With more and more young folks joining the ranks of our Support-team, sometimes just for a short period of time, we saw the need for a guide arising. Of course our younglings were never left alone so we had in fact two people working on an issue that didn’t take much more than asking for specific data in the first place. And sometimes, I gotta admit it, even the experienced ones had to be reminded that they forgot to ask about something specific - most of us are human and we all make mistakes.

So we came up with the idea to build a guide which contains some standard cases and how to deal with them. With a focus on what data to gather if one needs to escalate the issue to the next level.

Since it’s no good to have several guides covering overlapping topics and to utilize the power of the community we came up with the idea, to build this guide part by part together. “Together” meaning community members, Icinga team members and employees at partners (sometimes all together in one person).

We all (should) know, there’s a great part about troubleshooting and another about debugging in the Icinga docs, but this is not exactly what we need.

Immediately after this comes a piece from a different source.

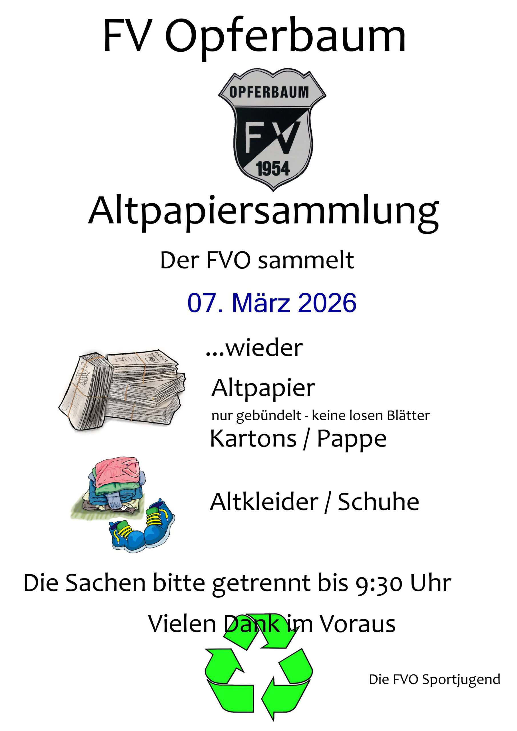 Der FVO sammelt am Samstag, den 07. März 2026 wieder:

So what is this all about. I don’t want to start right away with writing some new guide but find a way how we can build something that can satisfy all our needs. Or a collection of information that serves the different purposes. To be honest, I have a rough idea, but to find the final form is something, I’m hoping to achieve through this thread.

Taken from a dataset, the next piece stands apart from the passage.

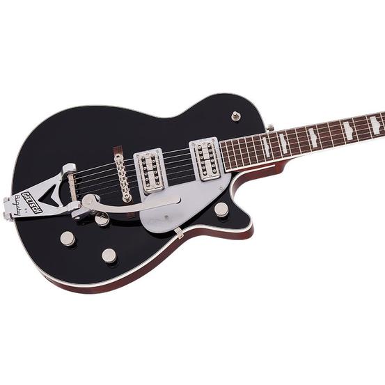 Other features include a set maple neck, 12”-radius rosewood fingerboard with pearloid Hump Block inlays, bone nut, G-arrow knobs, Bigsby® vibrato tailpiece, Adjusto-Matic™ bridge with pinned rosewood base and Gotoh® tuners.

The idea is to have something we (meaning everyone) can use for at least these three purposes:

  • Find information to help ourselves when we are in trouble. If you’re experienced enough you should be able to find solutions to common problems so you can fix them yourself
  • Give a guide on how to provide information here in our great community if you need help. (e.g. There are times someone has a question giving sparse information where rude people could reply with an icon of a crystal ball. Instead we could send the thread started to a specific part within the guide and ask them to follow the steps to provide the information needed)
  • Give a guide for support engineers (no matter if they are junior, senior or lead) at partners on what to ask for from their customers. If a solution can be found within the guide - great. But the focus of the partner part would be more about which information to ask for to make sure the customer didn’t hit a bug. Or if they did, what information the next level needs to deal with the bug. Or what information is needed to replicate a certain situation.
  • Give ideas for further development for tools like Icinga Diagnostics about which information to collect automatically

This is not an easy task even if all the questions and answers were already collected. The different groups of people have very different needs when it comes to guidelines. Some need more thorough information, others need a very quick overview because they know exactly what they’re looking for.

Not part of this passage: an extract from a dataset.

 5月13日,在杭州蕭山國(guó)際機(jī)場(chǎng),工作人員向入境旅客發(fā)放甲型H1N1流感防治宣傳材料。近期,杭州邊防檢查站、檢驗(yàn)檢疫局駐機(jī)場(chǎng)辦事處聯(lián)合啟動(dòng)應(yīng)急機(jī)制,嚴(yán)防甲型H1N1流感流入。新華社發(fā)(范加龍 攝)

So what I’m hoping for is ideas for the details on how to achieve a collection of information that can cater to all these needs. Maybe even ideas for more usecases. And I want to find the right tool to do this. A markdown file in a git repository? A thread/wiki within this community board? A new or reworked section within docs.icinga.com ? A new tool (please, not).

5 Likes

Since this post is collecting likes and views (which both make me happy) but no replies, I’ll start with replies myself:

About the tool:

  • I’d say we should use one of the existing places and not search for a new tool
  • Having it here might make it easier for more people to contribute
  • Having it in the official docs would make it easier to find and maybe get more people into contributing (or spook them away from helping with the guide after all)

What do you say?

About the format:

  • My first idea is to have simple oneliner describing the problem like “Icinga is crashing” in the style like someone would describe their problem
  • Then a very concise list of things to check and ask for (coredumps, diagnostics output, icinga2.log, debug.log, openssl version,…)
  • Then a slightly longer text about what this could actually mean. Background info so to say
  • Then another longer text about what to check for (loglines, open ports,…) and, if it’s a know problem, how you could fix the it yourself if you know what you’re doing. (upgrade to 2.15.7, delete api log, resync hosts)
  • If there is any, a link to an issue that’s related to the problem. If there are more issues, than a list of issues with the version where it was fixed
  • If the problem might be relevant for a diagnostics (or whatever tool) check, we could refer to an issue (and version) there as well

At least all descriptions (first item in the list) should be listed in a table of contents for easy search and jumping. A list of synonyms or tags would be great but I can’t think of a way how to achieve that with the tools we already have.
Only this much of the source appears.